Tracing through calls condLoop(x => x < 5)(4)

• condLoop(x => x < 5)(4) - condition is x => x < 5, n = 4 so when condition(4) is called x = 4, 4 < 5 is true - calling condLoop with same condition and increased n - condLoop(x => x < 5)(4 + 1) to get result
• condLoop(x => x < 5)(5) - condition is x => x < 5, n = 5 so when condition(5) is called x = 5, 5 < 5 is false - returning n which is 5
• back to condLoop(x => x < 5)(4) - returning 5 as result of condLoop(x => x < 5)(5)

With similar logic adding function that increments value - on every iteration now you need to pass condition and increment function (c and f in original post).

## 其他推荐答案

C#'s anonymous delegate declaration syntax leads to confusion, so I'm going to rewrite it in F#'s function type syntax.

```(int -> bool) -> (int -> int) -> (int -> int)
```

So this is a function that takes two functions and returns a function. The first function it accepts is a predicate, the second is likely a map, and finally it returns a function that accepts an int to return an int.
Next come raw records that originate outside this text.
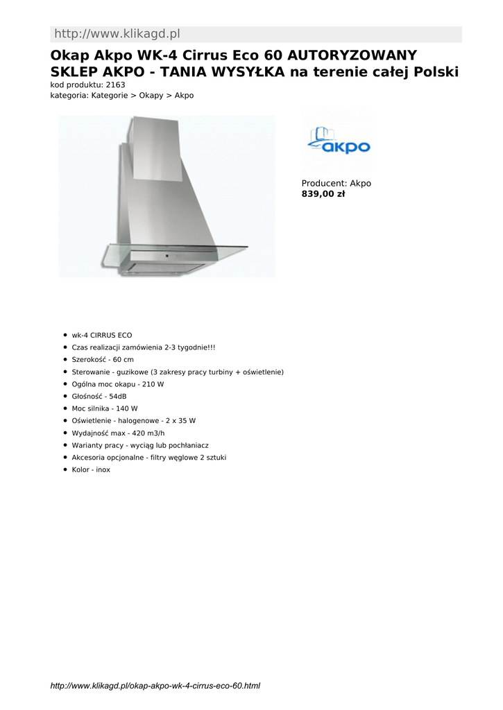 http://www.klikagd.pl Okap Akpo WK-4 Cirrus Eco 60 AUTORYZOWANY SKLEP AKPO - TANIA WYSYŁKA na terenie całej Polski kod produktu: 2163 kategoria: Kategorie > Okapy > Akpo Producent: Akpo 839,00 zł wk-4 CIRRUS ECO Czas realizacji zamówienia 2-3 tygodnie!!! Szerokość - 60 cm Sterowanie - guzikowe (3 zakresy pracy turbiny + oświetlenie) Ogólna moc okapu - 210 W Głośność - 54dB Moc silnika - 140 W Oświetlenie - halogenowe - 2 x 35 W Wydajność max - 420 m3/h Warianty pracy - wyciąg lub pochłaniacz Akcesoria opcjonalne - filtry węglowe 2 sztuki Kolor - inox http://www.klikagd.pl/okap-akpo-wk-4-cirrus-eco-60.html
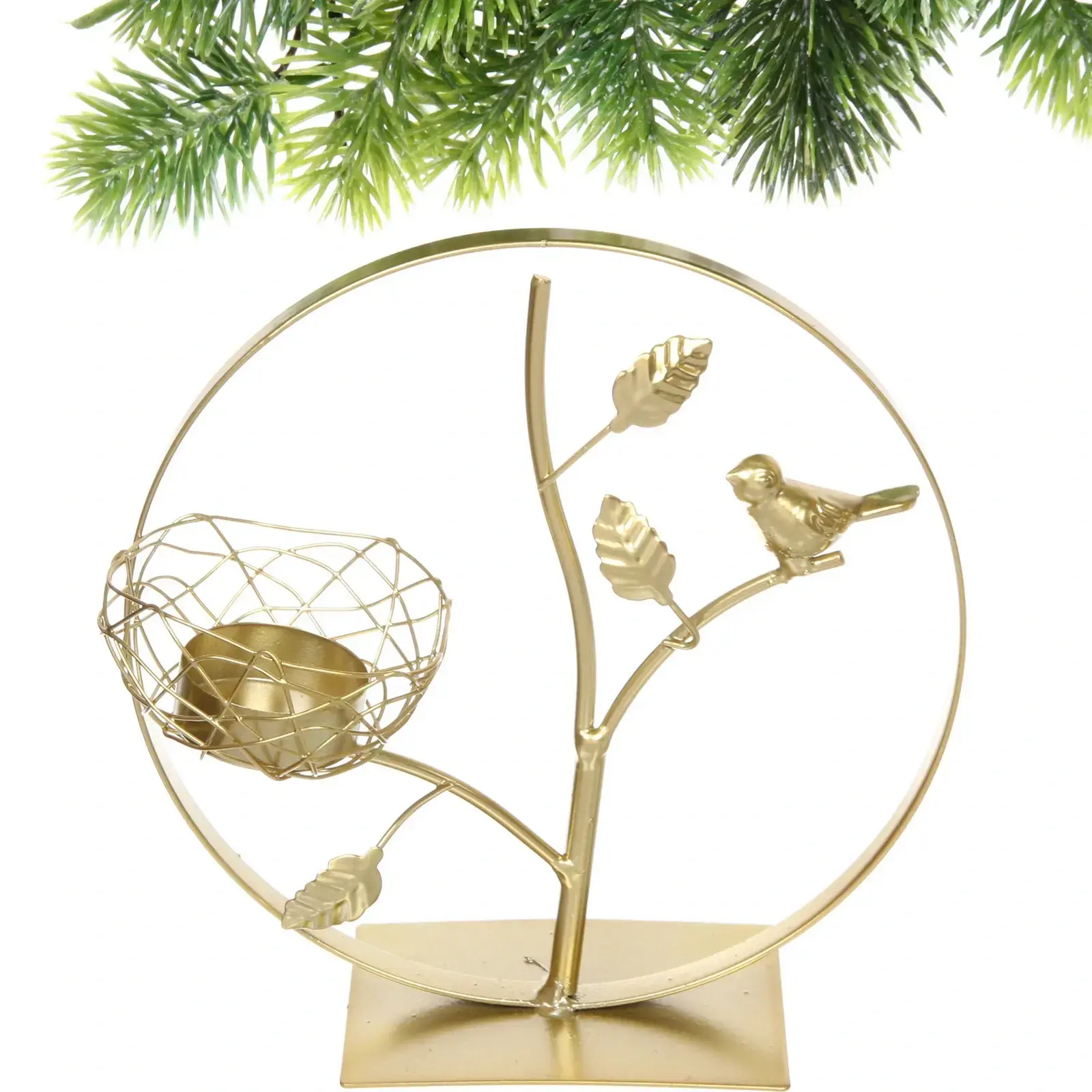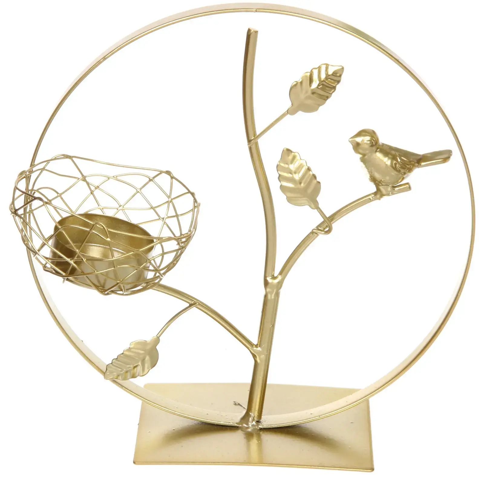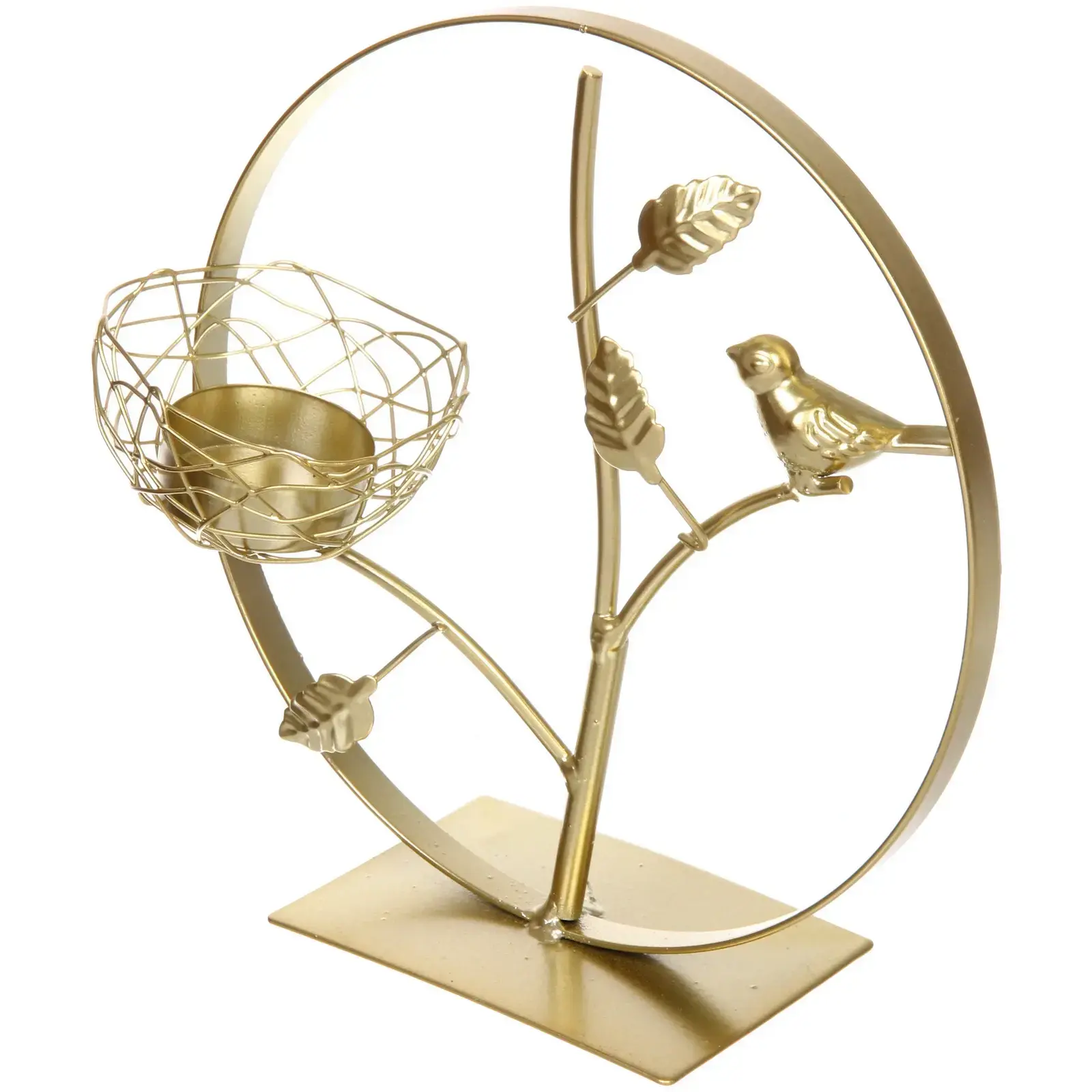Подсвечник «ШАРМ - Пение птиц» — это не просто элемент декора, а настоящий акцент вашего интерьера. Его изысканный золотистый цвет и уникальный дизайн в виде дерева с птицей и гнездом придают помещению особую атмосферу тепла и уюта. Этот подсвечник станет идеальным дополнением для романтического вечера или уютного семейного ужина.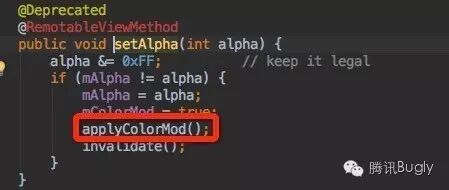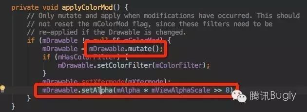 (2)通过applyColorMod方法可知,ImageView.setAlpha(int alpha)方法,是通过Drawable.setAlpha(int alpha)实现的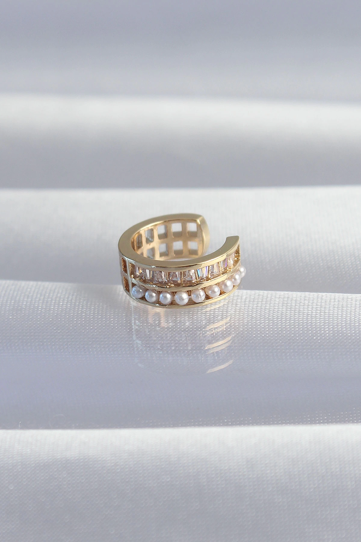 Pirinç Gold Renk İncili Baget Taşlı Earcuff Küpe

```Loop = (c , f ) => n => c(n) ? Loop(c , f ) ( f (n)): n;
```

The implementation of the above signature. It takes two parameters, as expected, as c and f. We expect it to return a function, and here it is:

```n => c(n) ? Loop(c,f) (f (n)) : n;
```

I can imagine the Loop(c,f) (f (n)) part is throwing you the most. The result of calling Loop is a function that accepts an integer and returns an integer. n is an integer, and f is a function that takes an integer and returns an integer. In the terms of w it increments that integer by 2. So, given an n of 2, as in the first example, you would pass the result of f(n), 2 + 2, as a new n. So long as c(n) resolves true, you will continue to iterate, with n increasing by 2 each time until greater than or equal to 10.

## 其他推荐答案

"I understand that this function is returning the Loop when c(n) evaluates to true, but I don't understand how Loop(c,f) (f(n)) evaluates" - the function doesn't return Loop. The function is Loop and it returns a Func<int, int>.

So, Loop is a function that takes two functions as input and returns a third function. It has the signature Func<Func<int , bool>, Func<int , int>, Func<int , int>> which show this.
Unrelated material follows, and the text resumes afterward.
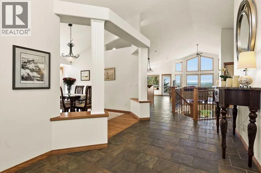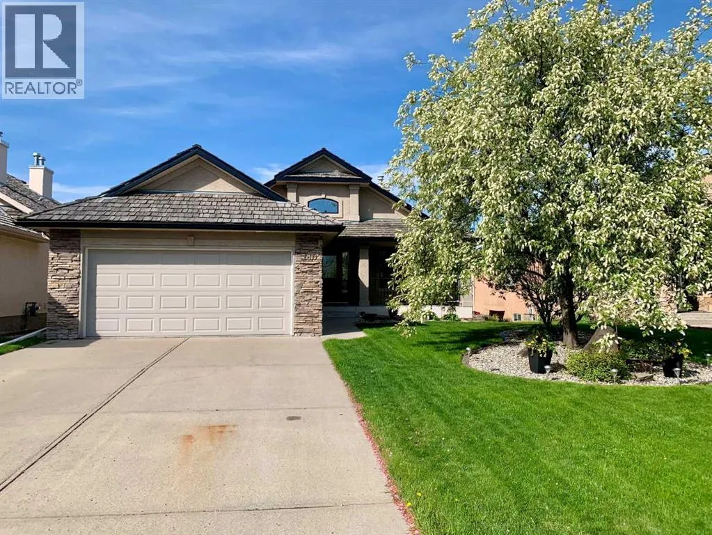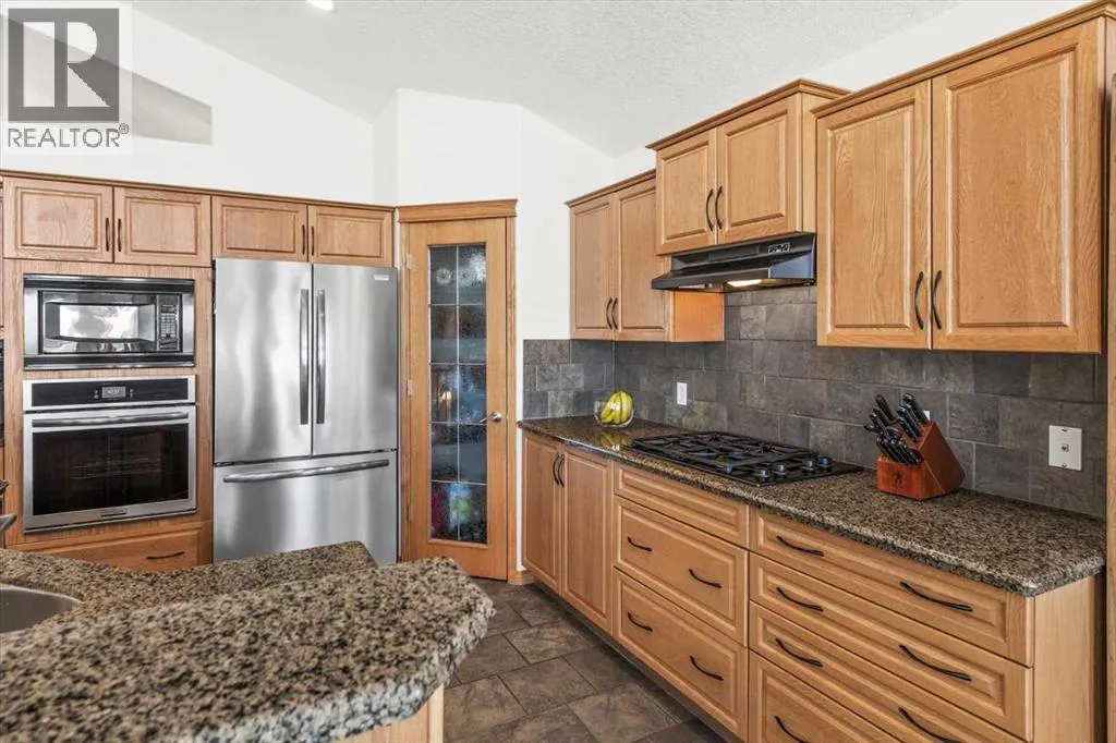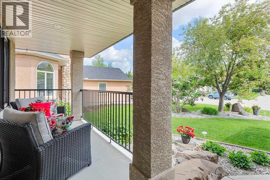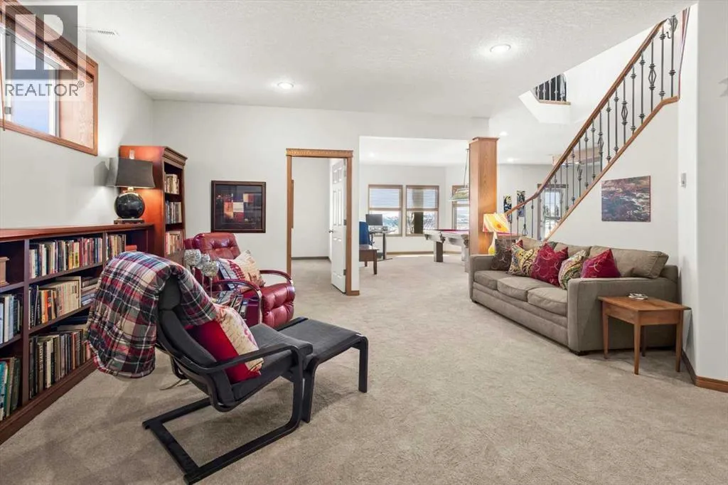 Perched in a prime southwest facing location, this traditionally designed executive walkout bungalow offers unparalleled views of the surrounding mountains and valleys, with no obstructions to spoil the scenic beauty. Impeccably maintained and boasting 1,713 square feet of living space, this home blends classic charm with modern comforts, making it an ideal retreat for both relaxation and entertainment.The spacious entry flows into the open-concept main floor and features a light, neutral interior that enhances the spacious feel of the home. Off the entry is a separate home office or den with French doors for privacy. Opposite the office is the main floor laundry and mud room with lots of storage space and access to the oversized double car garage. The elegant, formal dining room is a perfect location for hosting small or large gatherings. Floor to ceiling windows and soaring high ceilings flood the space with natural light, creating an inviting and airy ambiance. A central fireplace in the living room offers warmth and coziness, perfect for cooler evenings. Sliding doors lead out to a deck, where you can enjoy the stunning views while sipping your morning coffee or hosting gatherings. The chef-inspired kitchen is outfitted with high-end stainless steel appliances, granite countertops, and a large island for additional workspace. New refrigerator, oven, washer and dryer this year and dishwasher 2024. A walk-in pantry provides ample storage, while the adjacent dining area flows effortlessly into the living room, making it perfect for both intimate dinners and entertaining larger groups.The master suite, conveniently located on the main floor, is a true sanctuary. It features a luxurious 5-piece ensuite bath and offers easy access to the main living areas. The walkout lower level is an entertainerâs dream, with in-floor heating and a media room complete with theater seating for an immersive viewing experience. A games room with a full bar and pool table is id eal for hosting friends, while the custom library offers a quiet spot for reading or relaxation. Two additional bedrooms are located on the lower level, along with a spacious 3-piece bath. The lower level also opens onto a patio, offering seamless access to the beautifully landscaped yard with a terraced garden and full irrigation system. For added comfort, the home is equipped with central air conditioning and surround sound throughout, ensuring the perfect atmosphere year-round. Whether you're enjoying a cozy evening by the fire, hosting a game night, or unwinding on the deck with a glass of wine, this home offers an exceptional lifestyle. (id:27476)

Now, Loop = null in the first line so that the when Loop is actually defined on the second line it can recursively call itself.

Then, Loop is basically a function that returns the function n => c(n) ? Loop(c, f)(f(n)) : n. That is Loop will return a function that, given an n in the future, will return Loop(c, f)(f(n)) when c(n) is true and n when it is false;

w is then the return function from Loop when with the parameters n => n < 10 & n => n + 2.

So, substituting those in to Loop you could define w like this:

```Func<int, int> w = null;
w = n => n < 10 ? w(n + 2) : n;
```

Now that can be re-written as this:

```int w(int n)
{
while (n < 10)
{
n += 2;
}
return n;
}
```

And hopefully that progression is easy to see.